Task to carry out: Pictures aside, the output must consist of the lines from the one containing "Card # 17118." through the end of the data, reproduced exactly.

(Dataset records begins)

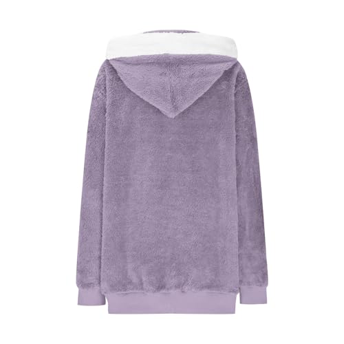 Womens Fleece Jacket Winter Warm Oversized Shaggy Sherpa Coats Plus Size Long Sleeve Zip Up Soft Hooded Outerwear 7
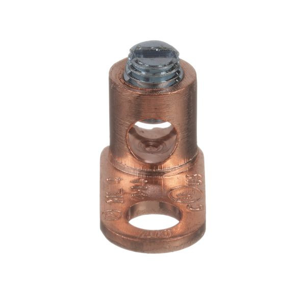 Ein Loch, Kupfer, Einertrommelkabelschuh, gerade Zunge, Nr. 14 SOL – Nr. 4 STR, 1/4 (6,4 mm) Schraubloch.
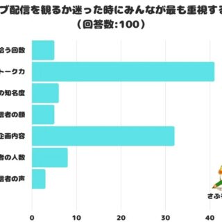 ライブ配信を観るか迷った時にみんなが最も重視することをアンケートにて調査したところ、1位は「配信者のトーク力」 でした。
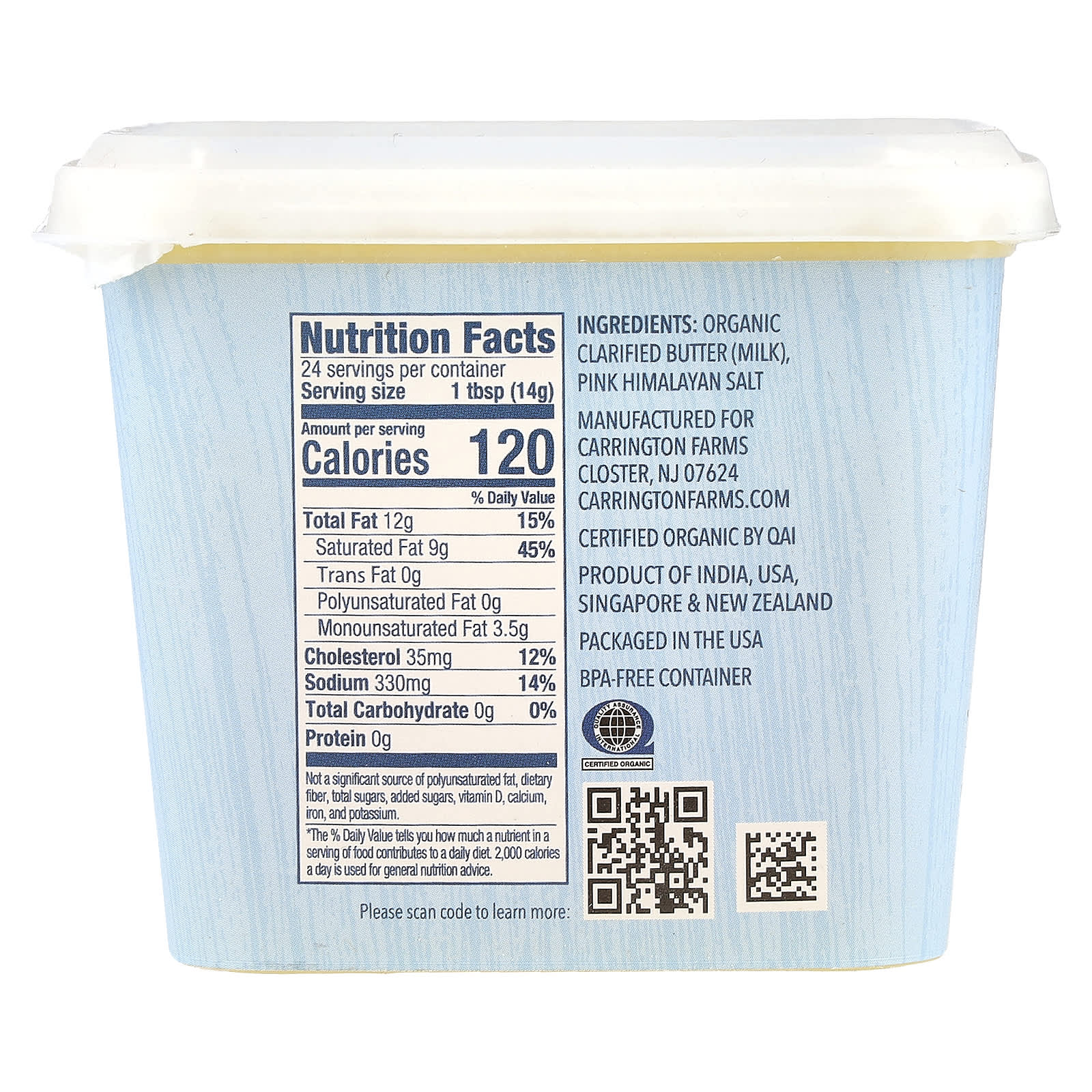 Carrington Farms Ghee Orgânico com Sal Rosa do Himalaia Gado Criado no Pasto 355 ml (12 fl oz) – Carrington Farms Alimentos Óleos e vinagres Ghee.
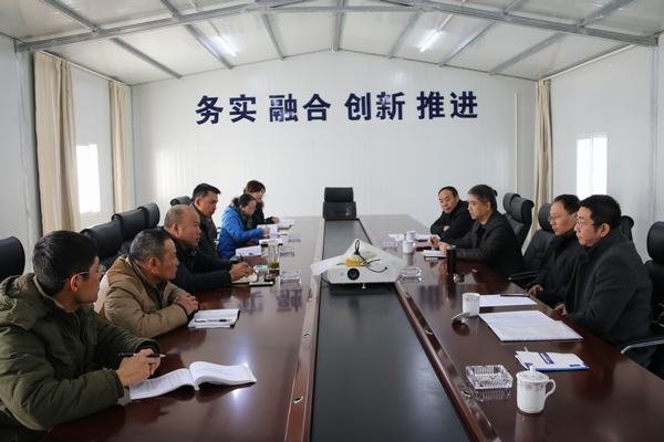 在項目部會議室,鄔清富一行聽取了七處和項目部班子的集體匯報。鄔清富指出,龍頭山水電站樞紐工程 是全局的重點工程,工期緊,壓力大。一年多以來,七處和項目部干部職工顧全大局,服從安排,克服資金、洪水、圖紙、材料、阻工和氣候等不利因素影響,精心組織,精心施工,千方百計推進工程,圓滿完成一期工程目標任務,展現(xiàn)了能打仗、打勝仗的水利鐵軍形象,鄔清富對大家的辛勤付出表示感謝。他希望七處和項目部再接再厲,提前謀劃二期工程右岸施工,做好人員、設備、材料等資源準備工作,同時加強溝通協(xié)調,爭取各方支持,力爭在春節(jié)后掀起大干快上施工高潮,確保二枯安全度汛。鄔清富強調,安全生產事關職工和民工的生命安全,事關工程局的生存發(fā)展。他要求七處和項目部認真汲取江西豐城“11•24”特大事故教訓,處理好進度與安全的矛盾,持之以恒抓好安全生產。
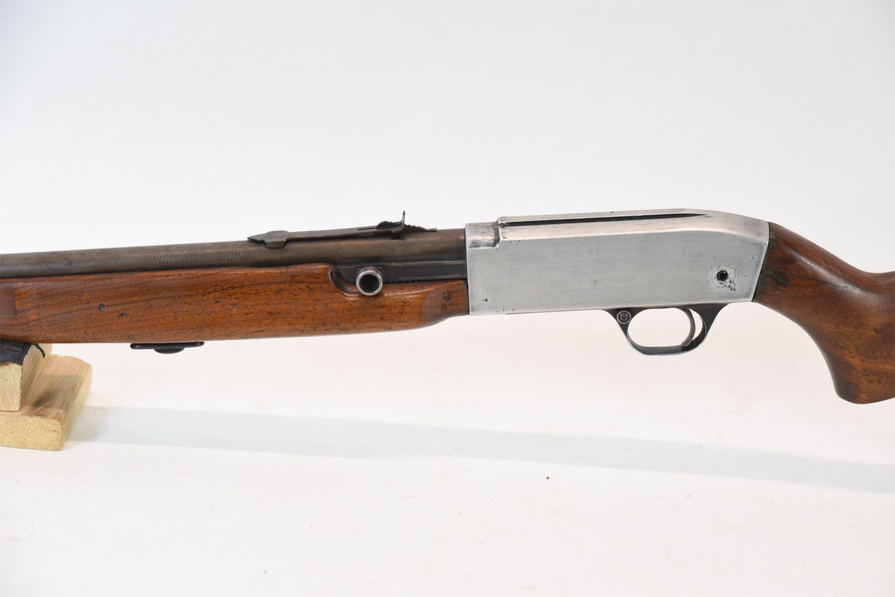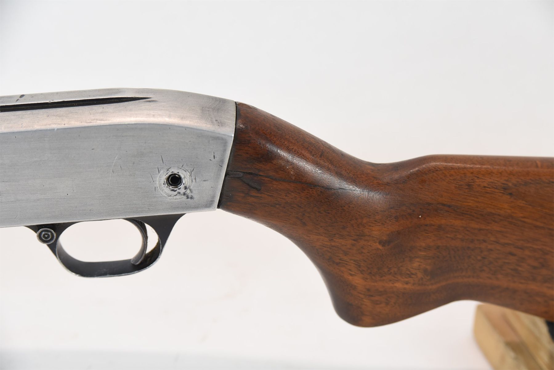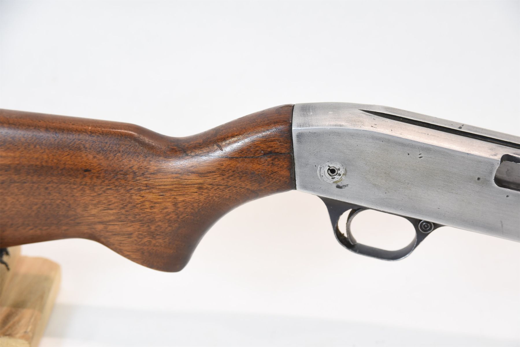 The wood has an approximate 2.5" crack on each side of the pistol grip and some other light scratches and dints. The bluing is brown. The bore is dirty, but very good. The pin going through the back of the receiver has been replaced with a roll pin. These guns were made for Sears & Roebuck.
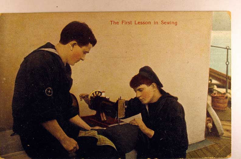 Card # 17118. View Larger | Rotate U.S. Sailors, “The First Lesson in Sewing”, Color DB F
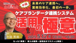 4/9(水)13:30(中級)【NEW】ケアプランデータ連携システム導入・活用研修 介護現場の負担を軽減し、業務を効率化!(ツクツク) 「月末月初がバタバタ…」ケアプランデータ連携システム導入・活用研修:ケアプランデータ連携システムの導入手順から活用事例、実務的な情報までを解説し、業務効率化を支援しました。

(Dataset records ends)

Worked solution:
 Card # 17118. View Larger | Rotate U.S. Sailors, “The First Lesson in Sewing”, Color DB F
 4/9(水)13:30(中級)【NEW】ケアプランデータ連携システム導入・活用研修 介護現場の負担を軽減し、業務を効率化!(ツクツク) 「月末月初がバタバタ…」ケアプランデータ連携システム導入・活用研修:ケアプランデータ連携システムの導入手順から活用事例、実務的な情報までを解説し、業務効率化を支援しました。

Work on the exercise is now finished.